2024-04-28 00:09:22; Aktualizacja: 6 miesięcy temu
Rafał Gikiewicz przejechał się po Rakowie Częstochowa. „Niech skupią się na graniu. Słabe to jest” Fot. Widzew Łódź
Patryk Krenz
Patryk Krenz Źródło: Canal+ Sport

Widzew Łódź przegrał w 30. kolejce Ekstraklasy z Rakowem Częstochowa. Negatywnie postawę mistrza Polski ocenił bramkarz gospodarzy, Rafał Gikiewicz. „Oczekiwałem po nich czegoś innego” - tłumaczył w Canal+ Sport.

Widzew Łódź przerwał serię sześciu spotkań bez porażki, ulegając na własnym obiekcie Rakowowi Częstochowa. Gospodarze utrudnili sobie zadanie już w pierwszym kwadransie rywalizacji. 

Po ostrym faulu na przeciwniku czerwoną kartkę ujrzał Marek Hanousek. Mistrzowie Polski nie potrafili przez długi czas wykorzystać przewagi.

Dopiero w 81. minucie gola z dystansu zdobył Władysław Koczerhin. Częstochowianie po wyjściu na prowadzenie się wycofali, skupiając się na obronie wyniku.

Ostatecznie więcej bramek nie padło.

Negatywnie o postawie podopiecznych Dawida Szwargi wypowiedział się przed kamerami Rafał Gikiewicz.

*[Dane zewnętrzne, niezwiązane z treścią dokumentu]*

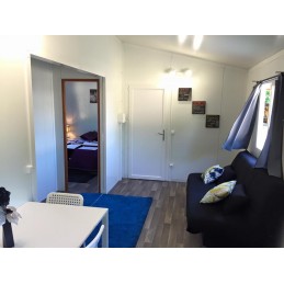 Contentor habitável T2 com uma dimensão de 48m2, esta moradia encontra-se totalmente mobilada e equipada

- Mało kto chce tego mistrza zdobyć. Jagiellonia musiałaby chyba z ligi się wycofać, żeby tego nie zrobić. Bardzo im tego życzę, chciałbym, żeby Jagiellonia mistrza zdobyła. Co do Rakowa Częstochowa... Jeżeli grasz jednego więcej zawodnika, od 80. minuty padasz, symulujesz, grasz na czas, to ta nasza liga wygląda, jak wygląda - rozpoczął były bramkarz Unionu Berlin i Augsburga.

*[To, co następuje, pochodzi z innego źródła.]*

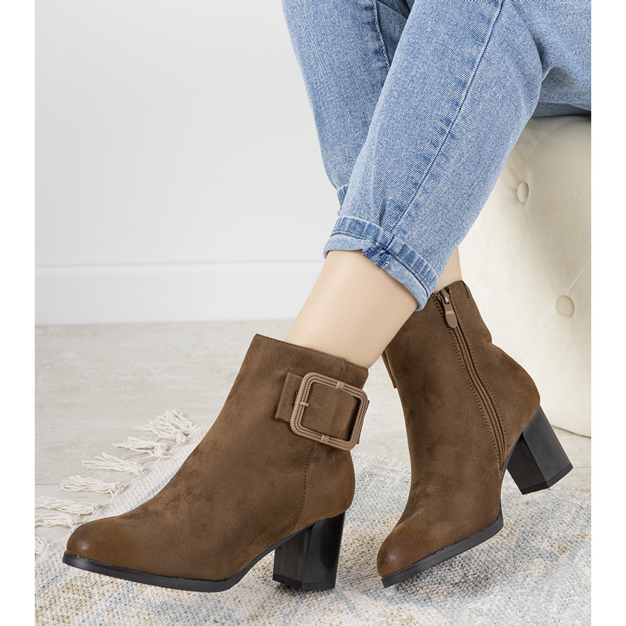 Smeđe Carrillo gležnjače na visoku petu iznimno su elegantan i udoban izbor za nadolazeću sezonu. Izrađene od visokokvalitetne antilop ekološke kože, ove elegantne cipele s osjetljivim ogrebotinama zasigurno će privući pozornost.

- Mieliśmy jednego mniej zawodnika. Wracając z Niemiec, oczekiwałbym od takiego zespołu kontrolowania meczu, narzucania tempa, miażdżenia przeciwnika. Powinni skupić się na graniu, a nie padać, leżeć i symulować. Dla mnie to jest słabe - dodał po chwili.

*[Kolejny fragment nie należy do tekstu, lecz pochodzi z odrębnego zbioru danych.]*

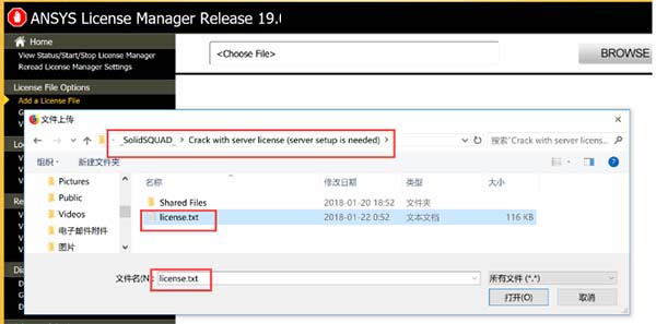 16.再次打开点ANSYS License Management Center,击 "Add a License File" ,并添加_SolidSQUAD_\“Crack with server license (server setup is needed)目录的的许可证文件“License.txt”
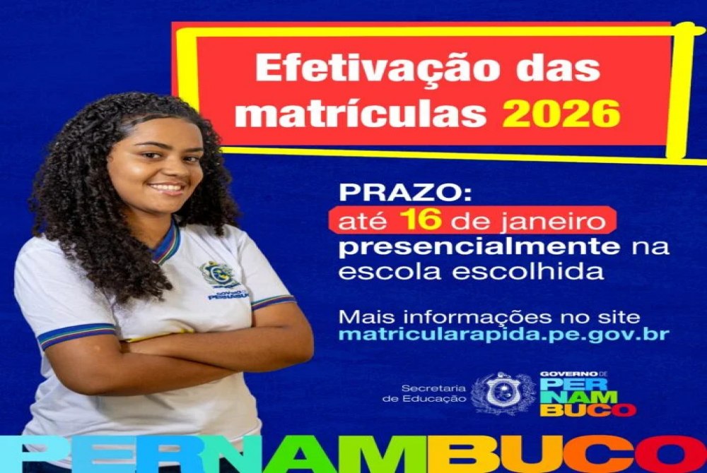 Começou nesta segunda-feira (05) a etapa de efetivação das matrículas da Rede Estadual de Ensino de Pernambuco para o ano letivo de 2026. O procedimento segue até o dia 16 de janeiro e deve ser realizado presencialmente na unidade escolar escolhida no cadastro on-line.

„Widzewiacy” mogą być nadal zadowoleni ze swoich ostatnich wyników. Po 30. rozegranych kolejkach tkwią na ósmym miejscu, mając dwanaście punktów przewagi nad strefą spadkową. Spora w tym zasługa właśnie Gikiewicza, który swoimi interwencjami kilkukrotnie ratował skórę kolegom.